I came here expecting the intensity to be a lot worse. We do not have much social time, but there is a little, which is a little more than I expected, and it’s been fun. I knew quite a few people when I got here from my past lives at other Zen Center. A few of them I would label “amigos,” most are more like acquaintances, and a few are what people around here call “opportunities to practice patience”. Generally, I’m sometimes comfortable with people here and dig the vibe, and at other times I feel like the new squid on the dock, which can feel stressful. Also, not talking for hours on end is intended, I suppose, to force us into ourselves in a positive way, and sometimes, yes, I feel at home in myself when we are not talking all day.
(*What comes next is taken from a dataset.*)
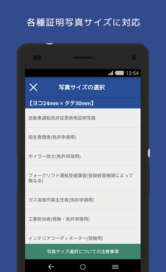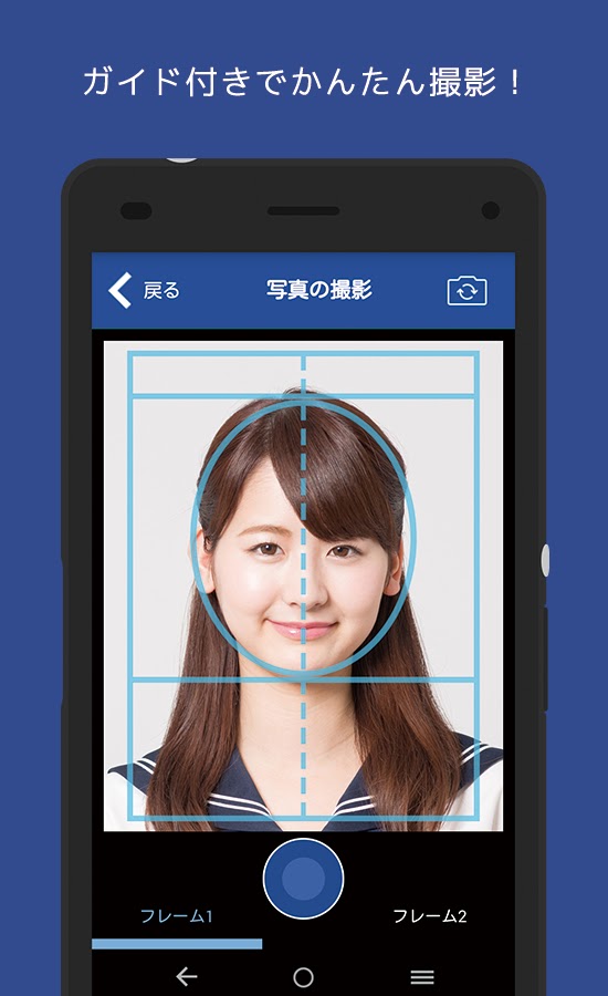 何度でも撮り直すことができ、お気に入りのショットを証明写真に使えます。

Other times, though. I feel alienated and feel a desire to talk and connect with people. The social vibe here generally sometimes bugs me; it seems, to my just-arrived eyes, as, at some times and in some ways, negatively religious, hierarchical, rule-based, socially conservative, serious, and demanding.
Before I got here, based on what I had heard, I expected the temperature to be cold all day, with snow on the ground, or a cold rain falling continuously. And, yes my shared bedroom is in an unheated, always-in-the-shadows building informally known as “The Meat Locker”. When in my room, I can usually see my exhalation condensation, whatever time of day it is. But, to be fair, many days here are sunny and seventy degrees outside during the early afternoon hours, and not so bad the rest of the day. When the mist clears and the surrounding hills appear, with their strong trees and jutting rocks, it is amazingly beautiful here.
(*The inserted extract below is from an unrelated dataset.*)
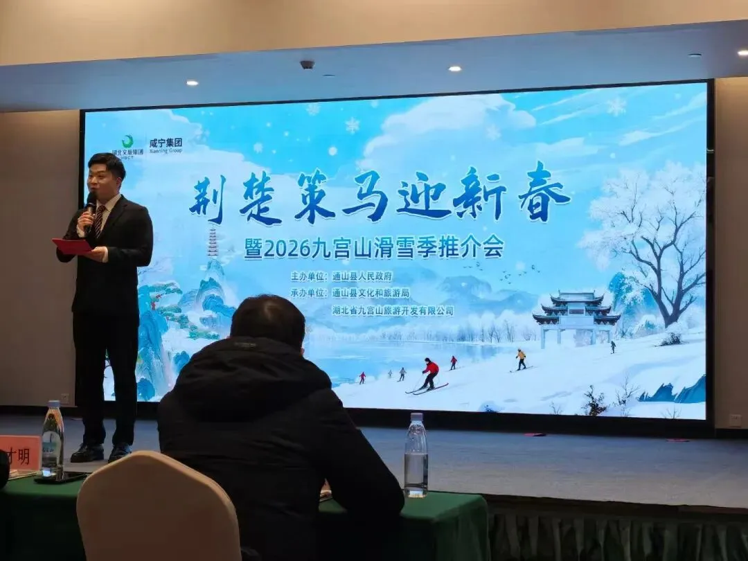 本次推介会是通山激活冬季旅游市场、深化文旅渠道合作的重要举措。活动筹备期间,通山聚焦产品升级与合作拓展,推出多重利好举措:一方面,升级九宫山滑雪季产品套餐并发布专项优惠政策,创新设置“1元抢通山惊喜盲盒”互动福利,同时安排实地踩线活动,邀请嘉宾亲身感受冰雪魅力;另一方面,搭建跨区域、跨业态资源对接平台,联动县内优质景区,特邀咸宁易汤温泉养心谷、海南康养旅居研学项目进行特色推介,为“冰雪+温泉”“冰雪+康养”“冰雪+研学”等合作模式搭建桥梁。

All of the meditating has been great for me. It has been kick-ass – energizing, clarifying, and calming – to be away from the struggles of my life in the City, and just be myself and watch that happen on the meditation cushion for hours on end. In fact, I started my residency here with the five days of just meditation, five-thirty am to eight-thirty pm. This practice emulates an ancient Chinese/Japanese ritual, called “tangario”, of requesting entrance to a temple by sitting by its front gate until allowed in. This sitting was difficult, in the form of boredom, anxiety, and knee and back pain. It was also, however, grounding, clarifying, liberating, exciting, mystical, profound … use your own thesaurus to come up with more such words.
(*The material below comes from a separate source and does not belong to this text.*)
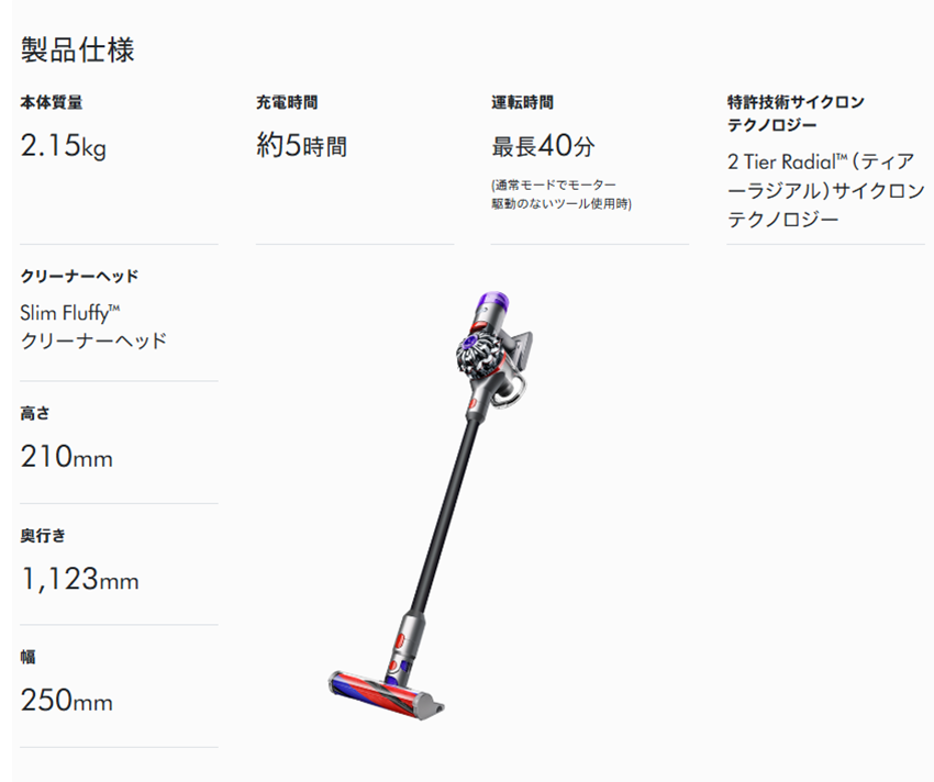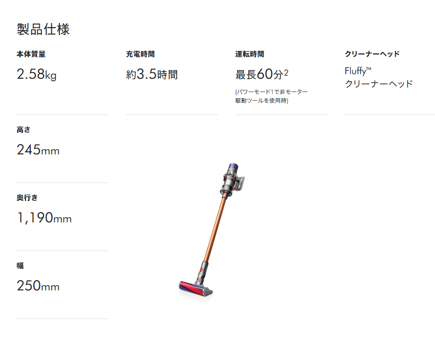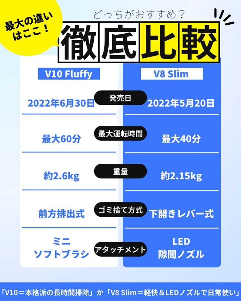 - Dyson V10 Fluffy(2022年6月発売) は「スタミナと吸引力の安心感」

Many times a day, however, I fantasize about, and almost begin planning, leaving here to go back to San Francisco. My reasons for wanting to and my reasons for not wanting to are extended and complex, but they may boil down to finding the spiritual work here valuable and something I am committed to, on the one hand, and, on the other, finding the social scene deadening (as I said, rule-based, religious-y, conservative) and feeling like other things in the City (buying a car, my friends, learning C++ programming, learning martial arts) are more important to me than renunciation and religion right now. My relationship breakup right before I left adds to the confusion of both wanting to be here and wanting to be in my City life. I suppose, if I am honest with myself, that I want to be able to date right now, so as to enable myself to forget my ex.
So, there is a chance that I will come back to my normal life before the April eighth date that this retreat is scheduled to end. You, my friends, will hear about such an event immediately if I do make such a choice. Assuming that I don’t, I’d love to hear from y’all while I’m here – letters gratefully welcome.